*** Dataset extract ***

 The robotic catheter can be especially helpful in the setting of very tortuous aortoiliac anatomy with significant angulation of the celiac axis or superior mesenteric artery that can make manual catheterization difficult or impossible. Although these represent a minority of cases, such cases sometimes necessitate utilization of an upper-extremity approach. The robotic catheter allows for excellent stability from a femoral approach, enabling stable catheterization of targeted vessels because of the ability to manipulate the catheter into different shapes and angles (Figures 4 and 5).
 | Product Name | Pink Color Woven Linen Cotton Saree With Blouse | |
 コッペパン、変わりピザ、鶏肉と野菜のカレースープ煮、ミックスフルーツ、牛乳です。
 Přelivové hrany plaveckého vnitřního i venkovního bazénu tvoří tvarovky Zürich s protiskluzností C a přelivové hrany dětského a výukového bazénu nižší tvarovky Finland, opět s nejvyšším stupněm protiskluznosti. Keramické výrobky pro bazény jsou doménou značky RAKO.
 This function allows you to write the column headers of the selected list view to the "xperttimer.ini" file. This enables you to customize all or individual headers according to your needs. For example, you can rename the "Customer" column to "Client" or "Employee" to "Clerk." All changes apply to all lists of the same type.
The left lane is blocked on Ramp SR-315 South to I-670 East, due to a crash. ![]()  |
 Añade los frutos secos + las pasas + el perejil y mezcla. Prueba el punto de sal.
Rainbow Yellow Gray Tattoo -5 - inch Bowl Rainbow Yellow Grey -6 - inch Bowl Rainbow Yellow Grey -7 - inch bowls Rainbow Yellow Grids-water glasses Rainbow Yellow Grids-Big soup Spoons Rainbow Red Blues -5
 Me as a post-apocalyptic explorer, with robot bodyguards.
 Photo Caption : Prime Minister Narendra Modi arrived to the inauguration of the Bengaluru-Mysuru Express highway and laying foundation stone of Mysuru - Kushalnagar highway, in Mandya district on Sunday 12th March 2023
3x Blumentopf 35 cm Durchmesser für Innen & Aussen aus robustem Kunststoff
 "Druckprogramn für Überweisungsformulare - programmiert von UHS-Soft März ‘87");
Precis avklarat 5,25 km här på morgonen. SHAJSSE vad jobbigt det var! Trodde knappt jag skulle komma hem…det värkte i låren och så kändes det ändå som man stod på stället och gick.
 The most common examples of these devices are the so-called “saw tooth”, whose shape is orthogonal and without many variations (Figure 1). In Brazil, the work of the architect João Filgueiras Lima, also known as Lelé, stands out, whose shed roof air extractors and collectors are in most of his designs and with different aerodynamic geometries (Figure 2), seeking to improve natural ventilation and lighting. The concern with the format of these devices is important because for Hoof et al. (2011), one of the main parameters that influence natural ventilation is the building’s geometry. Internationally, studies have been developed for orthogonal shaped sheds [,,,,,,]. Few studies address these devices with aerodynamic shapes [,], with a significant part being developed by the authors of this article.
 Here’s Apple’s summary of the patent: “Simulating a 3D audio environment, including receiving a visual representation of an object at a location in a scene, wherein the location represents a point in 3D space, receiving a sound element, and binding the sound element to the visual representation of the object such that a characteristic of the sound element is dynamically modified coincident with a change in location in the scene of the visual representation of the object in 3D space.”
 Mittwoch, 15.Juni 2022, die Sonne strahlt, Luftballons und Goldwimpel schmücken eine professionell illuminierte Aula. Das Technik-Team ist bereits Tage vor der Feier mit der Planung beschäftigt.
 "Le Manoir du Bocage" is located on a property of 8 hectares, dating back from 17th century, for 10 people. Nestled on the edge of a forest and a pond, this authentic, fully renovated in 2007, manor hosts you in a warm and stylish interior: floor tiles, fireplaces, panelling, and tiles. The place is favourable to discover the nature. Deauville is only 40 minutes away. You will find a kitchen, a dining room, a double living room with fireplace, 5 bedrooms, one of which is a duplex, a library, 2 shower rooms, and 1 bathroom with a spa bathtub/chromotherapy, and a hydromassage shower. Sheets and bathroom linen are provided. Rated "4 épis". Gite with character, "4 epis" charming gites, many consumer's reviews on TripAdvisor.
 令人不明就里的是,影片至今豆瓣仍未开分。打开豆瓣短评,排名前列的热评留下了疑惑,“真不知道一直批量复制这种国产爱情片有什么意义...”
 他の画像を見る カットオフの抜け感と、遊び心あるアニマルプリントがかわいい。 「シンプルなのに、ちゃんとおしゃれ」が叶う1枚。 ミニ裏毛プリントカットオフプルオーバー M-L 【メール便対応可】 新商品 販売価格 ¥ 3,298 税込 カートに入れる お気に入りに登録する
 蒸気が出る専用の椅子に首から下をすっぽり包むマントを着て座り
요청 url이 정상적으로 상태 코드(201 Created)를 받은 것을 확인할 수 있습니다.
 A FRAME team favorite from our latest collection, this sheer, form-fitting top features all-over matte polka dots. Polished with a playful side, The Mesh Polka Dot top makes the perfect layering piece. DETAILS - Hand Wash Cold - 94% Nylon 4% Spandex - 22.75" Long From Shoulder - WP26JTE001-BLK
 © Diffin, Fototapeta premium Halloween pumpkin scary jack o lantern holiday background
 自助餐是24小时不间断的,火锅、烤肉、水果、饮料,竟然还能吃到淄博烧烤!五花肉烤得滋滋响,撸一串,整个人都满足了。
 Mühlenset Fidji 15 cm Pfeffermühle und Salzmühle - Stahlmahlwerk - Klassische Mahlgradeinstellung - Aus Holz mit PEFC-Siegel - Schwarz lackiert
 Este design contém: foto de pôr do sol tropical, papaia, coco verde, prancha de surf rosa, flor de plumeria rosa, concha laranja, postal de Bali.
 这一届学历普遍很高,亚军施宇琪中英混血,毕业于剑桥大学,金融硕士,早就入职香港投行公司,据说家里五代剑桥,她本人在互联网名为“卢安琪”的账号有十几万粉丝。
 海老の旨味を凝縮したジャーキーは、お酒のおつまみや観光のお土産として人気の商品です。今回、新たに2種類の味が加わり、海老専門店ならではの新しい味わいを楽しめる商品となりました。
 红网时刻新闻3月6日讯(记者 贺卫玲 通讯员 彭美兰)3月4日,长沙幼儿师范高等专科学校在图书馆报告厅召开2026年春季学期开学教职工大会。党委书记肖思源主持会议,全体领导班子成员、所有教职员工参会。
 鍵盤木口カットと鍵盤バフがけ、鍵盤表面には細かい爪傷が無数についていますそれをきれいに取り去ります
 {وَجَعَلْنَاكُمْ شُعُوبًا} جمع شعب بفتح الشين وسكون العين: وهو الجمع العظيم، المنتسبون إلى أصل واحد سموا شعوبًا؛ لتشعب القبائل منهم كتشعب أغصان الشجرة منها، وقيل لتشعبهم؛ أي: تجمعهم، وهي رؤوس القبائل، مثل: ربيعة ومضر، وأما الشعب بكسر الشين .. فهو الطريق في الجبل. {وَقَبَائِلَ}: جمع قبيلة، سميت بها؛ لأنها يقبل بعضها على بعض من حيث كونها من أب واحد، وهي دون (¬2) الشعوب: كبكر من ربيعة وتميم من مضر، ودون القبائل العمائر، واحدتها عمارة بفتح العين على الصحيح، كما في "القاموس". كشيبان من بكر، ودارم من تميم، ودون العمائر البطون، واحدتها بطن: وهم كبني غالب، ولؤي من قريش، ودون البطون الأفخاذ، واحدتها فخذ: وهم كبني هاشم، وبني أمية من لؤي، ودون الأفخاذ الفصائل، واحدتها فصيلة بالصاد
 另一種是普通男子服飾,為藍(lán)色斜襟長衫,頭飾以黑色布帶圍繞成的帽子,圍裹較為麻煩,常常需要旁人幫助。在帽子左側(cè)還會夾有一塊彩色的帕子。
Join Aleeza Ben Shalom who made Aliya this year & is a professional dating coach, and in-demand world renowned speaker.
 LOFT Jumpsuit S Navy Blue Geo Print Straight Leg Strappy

***

Instructions to follow:
Return exactly, please, the lines of the material from the first one down to and including the line where "Přelivové hrany plaveckého" appears.

Solution for this exercise:
 The robotic catheter can be especially helpful in the setting of very tortuous aortoiliac anatomy with significant angulation of the celiac axis or superior mesenteric artery that can make manual catheterization difficult or impossible. Although these represent a minority of cases, such cases sometimes necessitate utilization of an upper-extremity approach. The robotic catheter allows for excellent stability from a femoral approach, enabling stable catheterization of targeted vessels because of the ability to manipulate the catheter into different shapes and angles (Figures 4 and 5).
 | Product Name | Pink Color Woven Linen Cotton Saree With Blouse | |
 コッペパン、変わりピザ、鶏肉と野菜のカレースープ煮、ミックスフルーツ、牛乳です。
 Přelivové hrany plaveckého vnitřního i venkovního bazénu tvoří tvarovky Zürich s protiskluzností C a přelivové hrany dětského a výukového bazénu nižší tvarovky Finland, opět s nejvyšším stupněm protiskluznosti. Keramické výrobky pro bazény jsou doménou značky RAKO.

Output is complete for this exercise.